WASHINGTON (Reuters) - The United States is open to dialogue to resolve trade differences with India by allowing American companies more access to Indian markets, U.S. Secretary of State Mike Pompeo said on Wednesday ahead of a visit to New Delhi later this month.
Pompeo’s remarks at the U.S.-India Business Council refer to a decision by U.S. President Donald Trump to end preferential trade treatment for India from June 5 over the trade barriers.
“We remain open to dialogue, and we hope that our friends in India will drop their trade barriers and trust in the competitiveness” of their own companies, Pompeo said ahead of his June 24-30 travels to India, Sri Lanka, Japan and South Korea.
“We’ll also push for the free flow of data across borders – not just to help American companies – but to protect data and ensure consumer privacy.
He added: “And speaking of privacy, we are eager to help India establish secure communications networks – including 5G networks.”
The privileges come under the General System of Preferences, or GSP, which had been allowing preferential duty-free imports of up to $5.6 billion a year into the United States from the South Asian nations.
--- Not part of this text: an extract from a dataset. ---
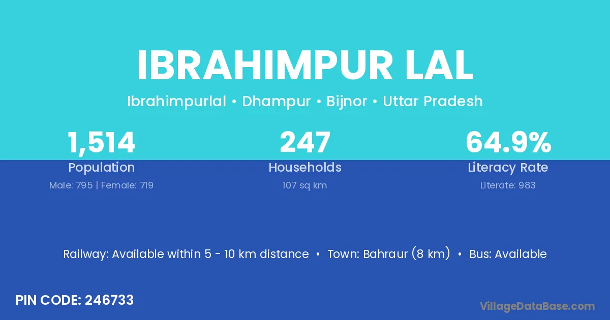 Bahraur (8 km) is the nearest town to Ibrahimpur Lal village for major economic activities and is located approximately 8 km away.

India is the biggest beneficiary of the GSP program.
Washington has been particularly annoyed by India’s tightening of regulations that have undermined major U.S. companies but favored domestic entities in the past year. In particular, tighter e-commerce rules that came in earlier this year hurt Amazon.com Inc and Walmart Inc, which last year bought Indian online retailer Flipkart for $16 billion.